In this file photo, Roger Stone (center), former adviser to Donald Trump's presidential campaign, exits federal court in Washington, D.C., on Feb. 20, 2020.
In this file photo, Roger Stone (center), former adviser to Donald Trump's presidential campaign, exits federal court in Washington, D.C., on Feb. 20, 2020.Stefani Reynolds/Bloomberg

A president should not have the power to do what he did for Roger Stone

Re “Trump commutes Stone’s sentence” (Page A1, July 11): The framers of the Constitution created a broad executive power to grant pardons and commutations. As men of unparalleled public honor and integrity, they could not have imagined a president so personally dishonorable and corrupt as to use that power as an expedient in furtherance of self-interested criminality.

The Trump administration has used that power to render beyond legal accountability such criminals as Joe Arpaio, Lewis “Scooter” Libby, and now Roger Stone. These and other actions of the Trump administration make plain that partisans and cronies exist above and outside of the law and will not be subject to penalties consequent to criminal misdeeds.
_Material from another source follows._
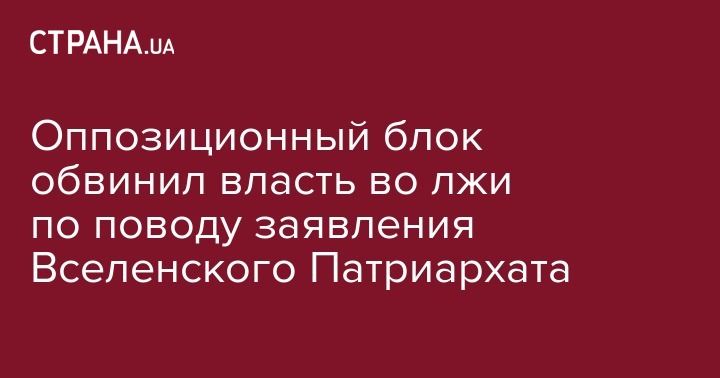 "Власть лжет о начале процедур по предоставлению автокефалии и позиции Константинопольского Синода. Заявляя о начале процедур, необходимых для предоставления автокефалии Православной Церкви в Украине, власть сознательно искажает позицию и решения Священного Синода. Начав предвыборную кампанию, власть блефует на вопросе, который не может быть предметом пиара и политических спекуляций," - говорится в заявлении Оппозиционного блока.

The discretion granted in the Constitution has proved to be overly broad, and there is a clear need to curtail its abuse. An amendment to the Constitution should be proposed and adopted that defines the power to grant pardons or commutations as extending only to people convicted of a crime prior to a president’s tenure in office, and in no case where personal or financial benefit accrues to the granting president or his interests.

Keith Backman


Stone is more than just a ‘friend’

Notwithstanding what Saturday’s front-page article reported, Donald Trump did not commute the sentence of a “friend” for something that happened in the past; rather, in my view, he buckled to the threats of a coconspirator who could expose Trump at any moment of his choosing if the president did not provide the commutation.
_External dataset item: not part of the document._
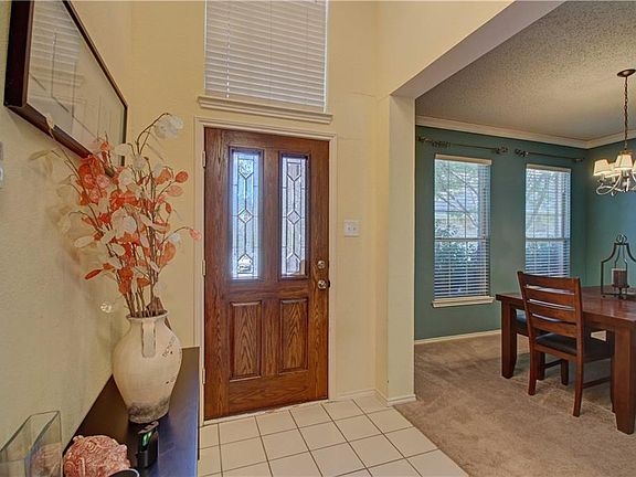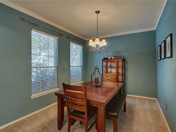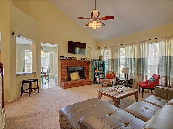 Stately home positioned on turn of cul-de-sac in desirable Carrollton area. Large living area is graced by brick fireplace with gas starter open to large island kitchen and breakfast area enhanced by window seat. Soaring ceiling height, wood blinds and open stairwell create design choices along with downstairs formal dining and office with Murphy bed. Large master bedroom and two additional bedrooms upstairs with worlds of light and seclusion. Large back yard is treed and has all around sprinkler system and fence with charming open patio for family fun. Fridge, washer, dryer and outdoor grill stay if desired. Back door key is to be left in back door for showings and is needed to enter from back yard.

Trump commuted the sentence rather than pardoning Stone, so that Stone can still avail himself of Fifth Amendment protections and keep any of Trump’s secrets.

A “friend”?

No, Stone is an accomplice — an aider and abettor — in Russia’s documented efforts to interfere with the 2016 presidential election.

James Doyle



The writer is a criminal defense lawyer.

The ‘law and order’ president (cough)

With the shameful commutation of Roger Stone’s prison sentence, Donald Trump et al. have perfected their new approach to so-called law and order, whereby “Lock ’em up!” applies solely to political opponents who haven’t committed crimes, and “Don’t lock ‘em up” is for Trump political operatives who have been convicted of crimes.
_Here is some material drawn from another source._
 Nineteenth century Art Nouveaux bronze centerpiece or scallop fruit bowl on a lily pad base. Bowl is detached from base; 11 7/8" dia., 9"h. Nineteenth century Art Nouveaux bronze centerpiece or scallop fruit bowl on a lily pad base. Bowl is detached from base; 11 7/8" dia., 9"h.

So much for law and order.

Nancy Krieger


Still, a criminal

Let me join the group that was sent to the dictionary searching for the difference between “pardon” and “commutation.” Roger Stone is still guilty; his buddy just used his authority to prevent him from serving time. Stone did the crime; he will not do the time.

However, history will follow him as he joins Nixon’s aides as well as Paul Manafort, Michael Cohen, and others. The stain will not go away.